So, now that I’ve built the skeleton of a pipeline, I’m going back to the start to work on building it up. First stop is the curation tool (arachadmin) and processing publications. Up until now all the author information has been stored as an undecoded string more or less directly from the citation (e.g., “Last, first; Last, first; Last, initials”). The tool does chew this up a bit in the publication list display, but none of that is getting stored or passed down the pipeline. During the past week I’ve finished implementing an author table, that will include assigned ids (intended to be ORCIDs for authors that have them) or generated ids. For the record, I do have an ORCID, it’s 0000-0001-6512-3296 though the information there is a bit out of date (try me on Impact Story, which I find easier to update).
A perennial problem with maintaining citations is the multiple ways an author’s name can appear. To manage this, I’ve been implementing a simple system to allow me to merge the various ways an author’s name appears. I’ve tried to design something that is flexible, particularly that it can be reversed (for example if there are two authors with the same last name and first initial, these can be separated if this is discovered after a merge).
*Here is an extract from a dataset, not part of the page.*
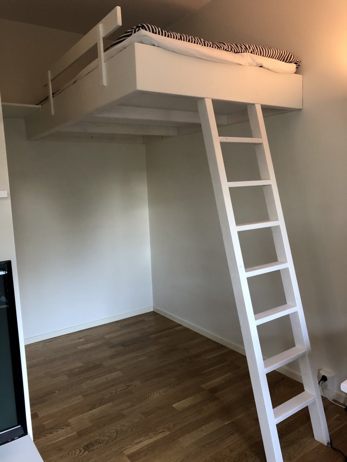 Utrymmet är under ett sovloft byggt i trä och mdf-skiva, i övrigt trägolv, betongväggar och två garderobsdörrar.
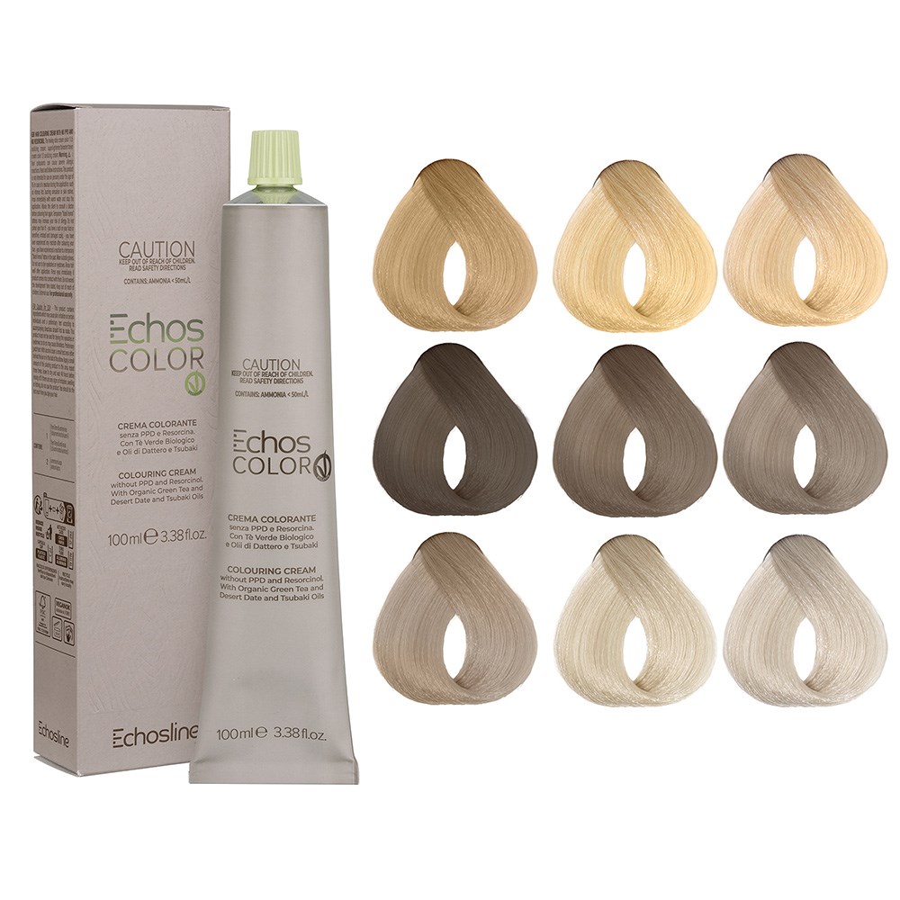 Incredible depth and longevity with reduced impact. Echos Color Vegan Hair Colour 7.12 Medium Blonde Cold Irise respects professionals, consumers and the environment. This 100% vegan colouring cream is formulated without paraphenylenediamine (PPD) and resorcinol. Rich, long-lasting permanent hair colour boosted by green tea extract for longevity, desert date oil for revitalisation and Tsubaki oil for shine. Made in Italy, this is elite hair colour turned vegan.

The underlying database changes to support this involve tables for authors, merge records (allowing the original usages to be extracted), and a table of authors, publications, and listing orders (e.g., first author = 1, etc.). The tables are there, but currently only the authors table is filled. The merge information can be generated and after a number of hours of fiddling with forms and tables within forms, there is now a page for displaying candidate merges (generated on the fly, since the database has not been populated) and the results from the form are being throw at a particular page which is ignoring them.
Once the merging is taken care of, the next step will be to push these to owlbuilder with the promise of a proper publication page for the main webapp.
On the horizon is PostgreSQL – the day job is considering switching over from mysql to postgresql and I would be happy to follow them. I got a fair amount of postgresql experience from my time with Phenoscape, and the future of mysql has held a bit of uncertainty ever since Oracle bought it along with the rest of Sun. The experience will help since administration of postgresql is a bit more involved than mysql, for which administration is much closer to ‘simply working.’